Everything I did above for the empty search, I now do on the set returned from my "America First" query. I divided the number of items by 20 (which is the API's default items per page )

In [16]:
af_search["totalItems"]  # Here are the total items in the set

79734

In [17]:
how_many_pages_af=79521/20
print(how_many_pages_af)
how_many_pages_af = int(how_many_pages_af)
print(how_many_pages_af)

3976.05
3976


In [18]:
random_num_af = random.sample(range(0,how_many_pages_af), 50) # I find 50 random pages in my "America First" search
print(random_num_af)

[1448, 3762, 387, 494, 2707, 1749, 3720, 786, 2825, 1621, 3715, 2915, 1709, 2864, 2252, 2787, 561, 43, 1100, 1254, 1237, 1474, 2158, 3083, 1466, 866, 2974, 212, 1770, 211, 3602, 1689, 2924, 891, 3763, 3616, 1038, 3612, 1953, 3177, 3497, 3701, 829, 406, 338, 337, 1756, 1050, 2620, 2179]


Here I'm using the random 50 numbers to pull a sample of 1000 pages from my "America First" search and printing out the years with the most instances of "America first."
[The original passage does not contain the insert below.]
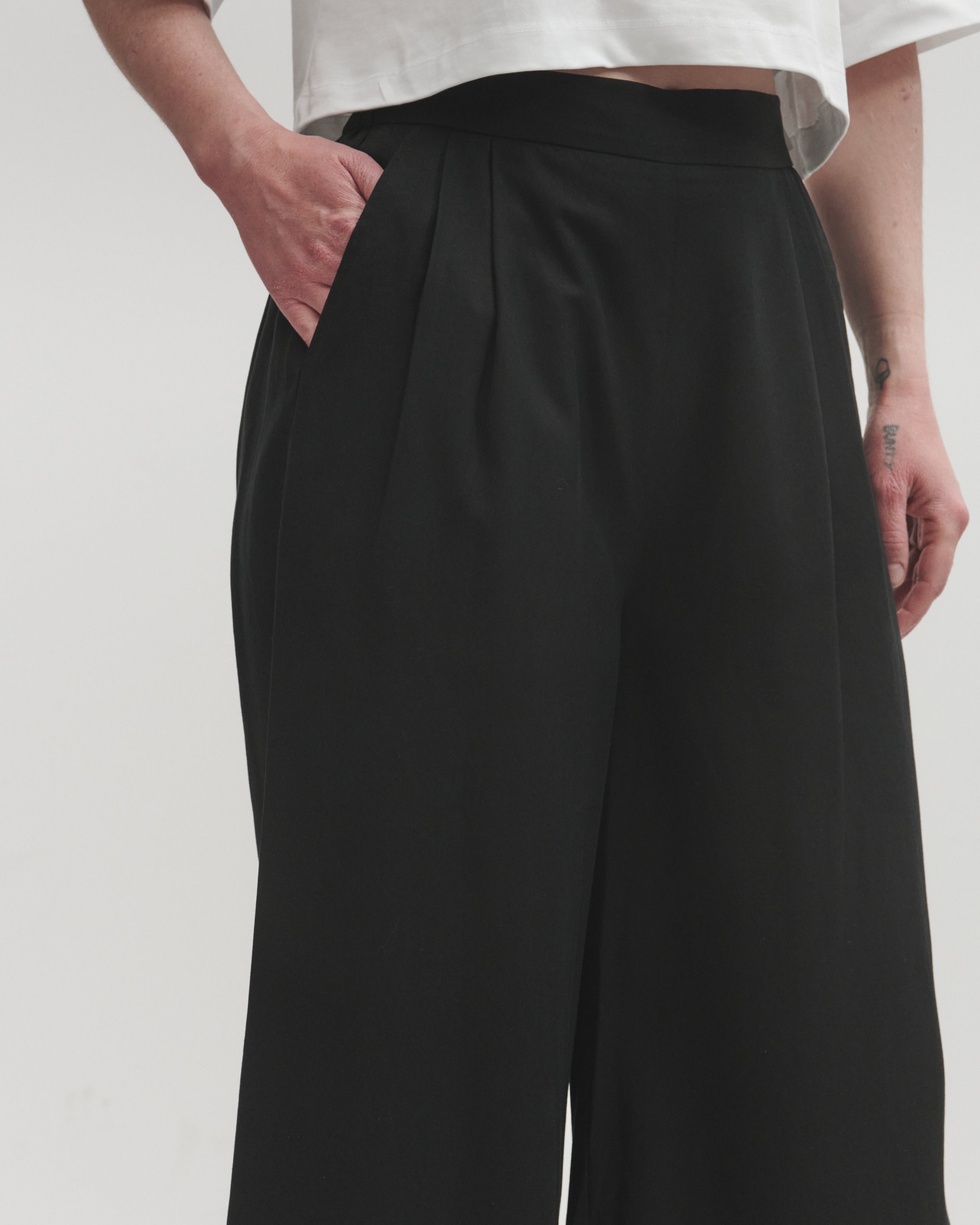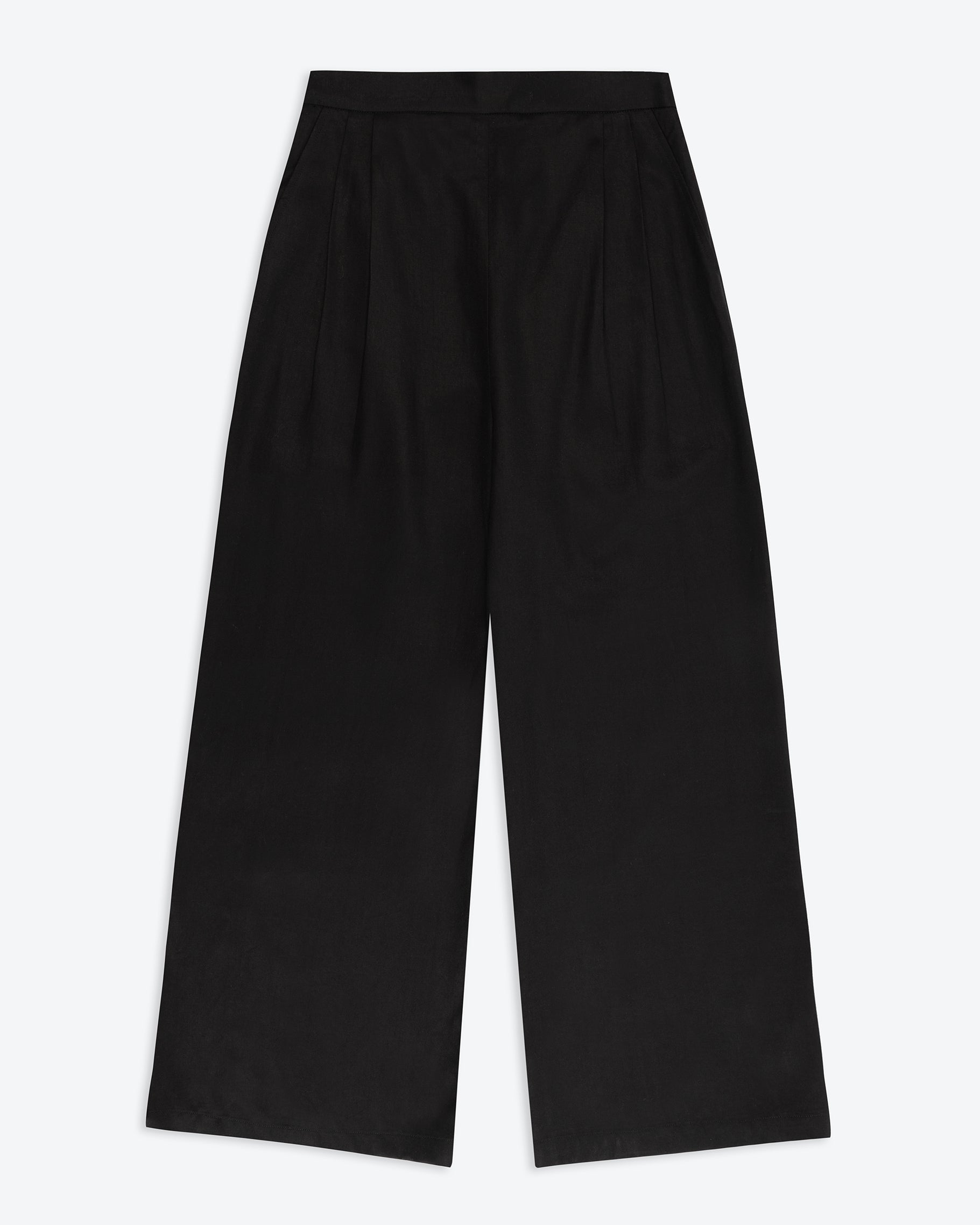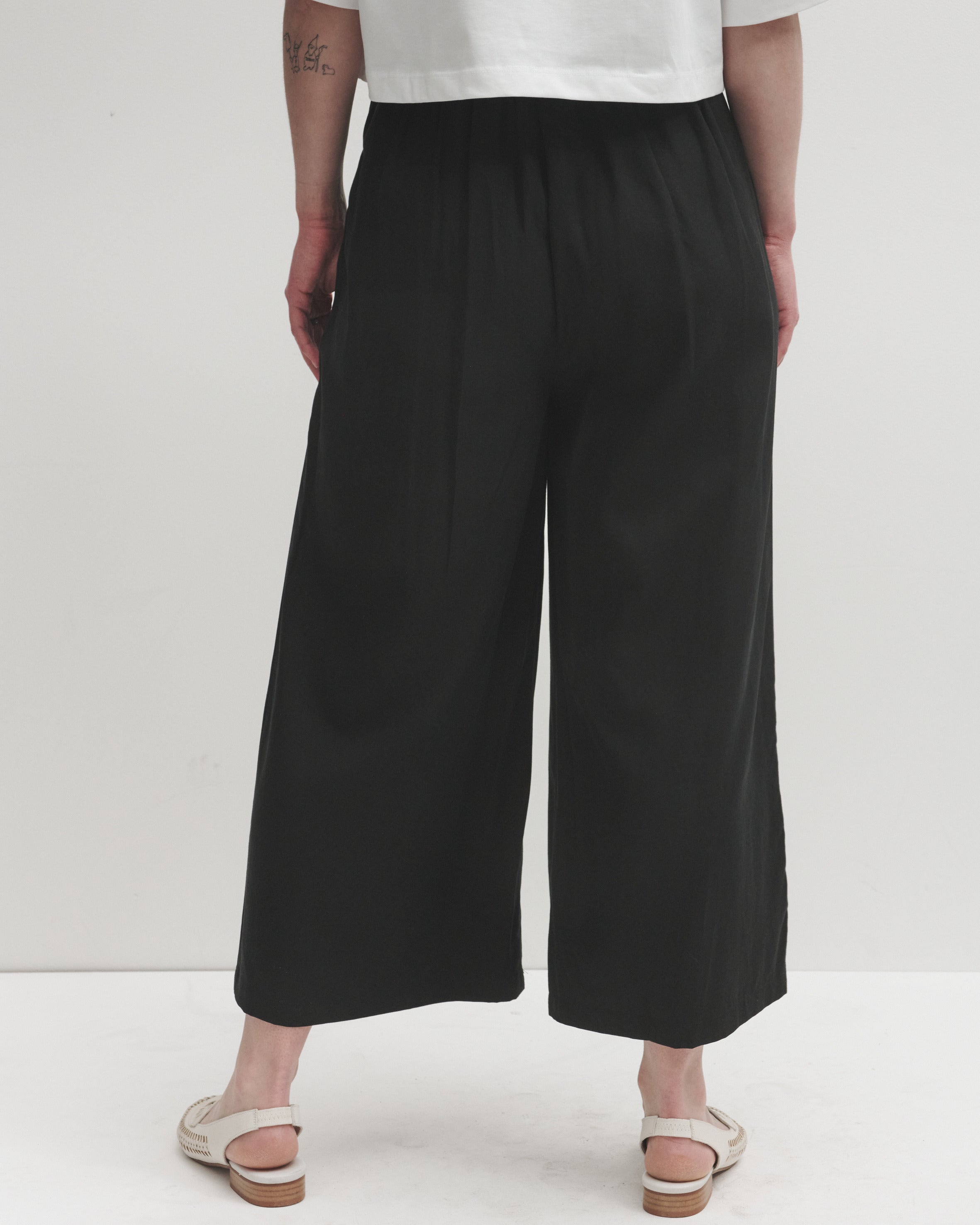 The black lyocell wide-leg trousers are the perfect blend of comfort and elegance. Designed with flattering pleats and an elasticated back for a flexible fit, they offer both structure and ease. The side zip ensures a sleek silhouette, while the pleats and wide-leg cut drape beautifully to a cropped look. Crafted from soft, breathable natural lyocell, they provide a lightweight feel with a graceful flow.
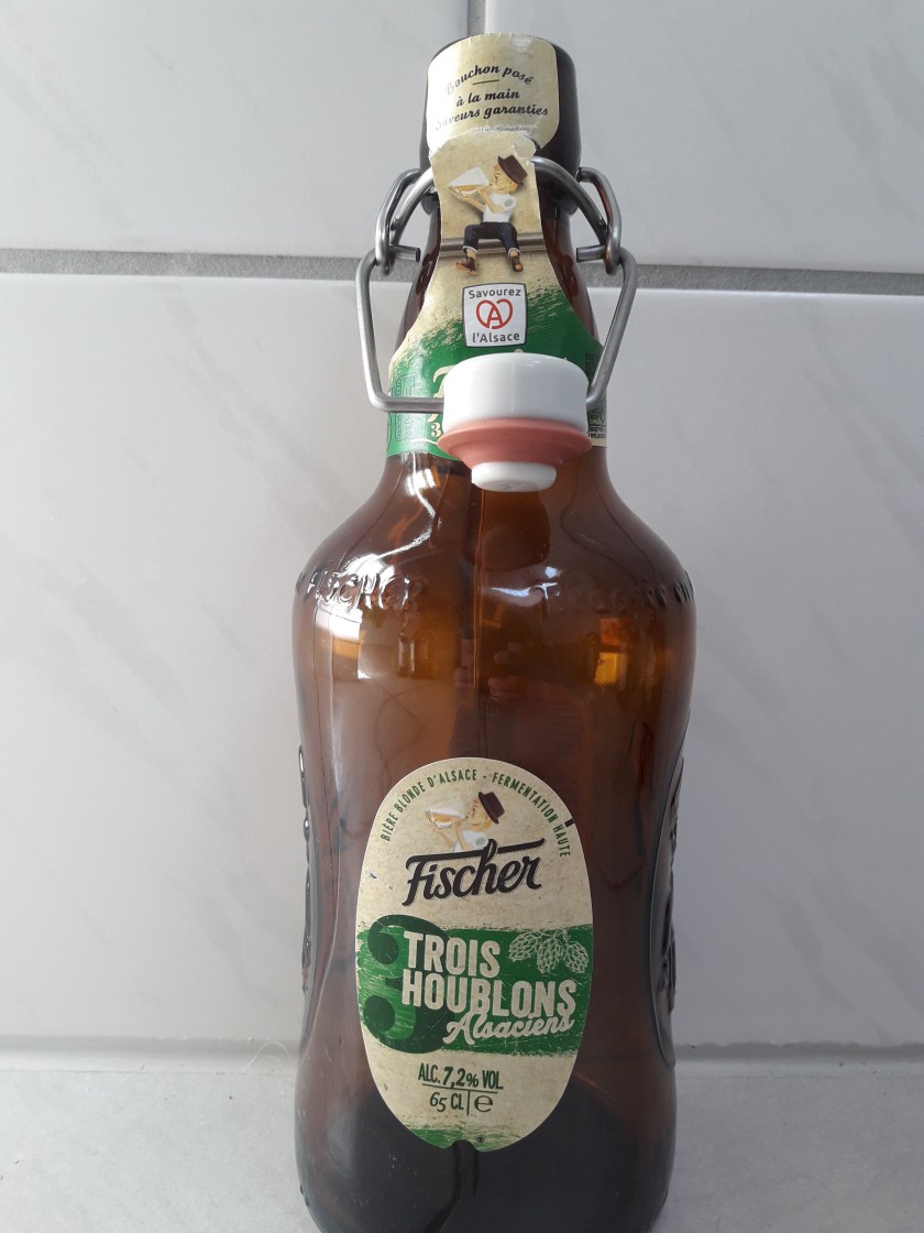 Ins Elsass führt mich heute mein nächster Biertest. Es gibt ein Bier der Brasserie Fischer, wobei es sich hier genauer gesagt nur noch um eine Marke handelt, denn die Brauerei Fischer ist schon seit 2009 keine aktive Brauerei ehr. Stattdessen ist Fischer inzwischen eine der vielen Marken im Heineken Portfolio, die Fischer bereits im Jahre 1996 übernommen hatten. Ihren Sitz hatte die Brauerei in Schiltigheim im Großraum Straßbourg. Ebenfalls in Schiltigheim betreibt Heineken aber auch eine eigene Brauerei, die ehemalige Brasserie de l’Esperance, in welcher die Biere nun gebraut werden. Weltweit bekannt sind die Fischerbiere, vor allem durch ihre kuriosen Flaschen. Diese kunstvoll verzierten Bügelflaschen stechen einem beim Bierkauf sofort ins Auge. Das Trois Houblons, das ich heute verkosten werde ist laut angaben ein Starkbier, bei dem zum brauen 3 verschiedene Hopfensorten verwendet wurden. Der Alkoholgehalt liegt auch bei 7,2%.

Warning: This takes a while.

In [19]:
af_count = Counter()

for page in random_num_af:
    af_json = requests.get('https://chroniclingamerica.loc.gov/search/pages/results/?state=&date1=1900&date2=1922&proxtext=%22America+first%22&x=0&y=0&dateFilterType=yearRange&searchType=basic&format=json&rows=20&page=' + str(page)).json()
    for item in af_json['items']:
        af_count[item['date'][0:4]] += 1
        

af_count.most_common()

[('1917', 84),
 ('1906', 82),
 ('1916', 78),
 ('1918', 61),
 ('1912', 53),
 ('1920', 52),
 ('1922', 51),
 ('1915', 46),
 ('1911', 45),
 ('1921', 42),
 ('1919', 42),
 ('1907', 40),
 ('1905', 39),
 ('1901', 36),
 ('1913', 34),
 ('1903', 31),
 ('1914', 31),
 ('1909', 30),
 ('1908', 30),
 ('1910', 30),
 ('1900', 23),
 ('1904', 20),
 ('1902', 20)]

In [20]:
af_count # currently my list of "American First" mentions per year is actually in a Counter object

Counter({'1900': 23,
         '1901': 36,
         '1902': 20,
         '1903': 31,
         '1904': 20,
         '1905': 39,
         '1906': 82,
         '1907': 40,
         '1908': 30,
         '1909': 30,
         '1910': 30,
         '1911': 45,
         '1912': 53,
         '1913': 34,
         '1914': 31,
         '1915': 46,
         '1916': 78,
         '1917': 84,
         '1918': 61,
         '1919': 42,
         '1920': 52,
         '1921': 42,
         '1922': 51})

I create a list of tuples out of my Counter object. Each tuple contains a year paired with the mentions of "AF" for that year

In [21]:
date_count = list(af_count.items())

In [22]:
date_count[10]

('1913', 34)

In [23]:
date_count

[('1912', 53),
 ('1904', 20),
 ('1909', 30),
 ('1911', 45),
 ('1901', 36),
 ('1903', 31),
 ('1906', 82),
 ('1908', 30),
 ('1917', 84),
 ('1915', 46),
 ('1913', 34),
 ('1905', 39),
 ('1910', 30),
 ('1916', 78),
 ('1907', 40),
 ('1920', 52),
 ('1921', 42),
 ('1902', 20),
 ('1914', 31),
 ('1922', 51),
 ('1919', 42),
 ('1918', 61),
 ('1900', 23)]

So I have two sets. One (page_count) contains the instances of each calendar year when I run an empty search through the API. The second (date_count) contains instances of each calendar year when I run a search through the API using "America First" as a query. 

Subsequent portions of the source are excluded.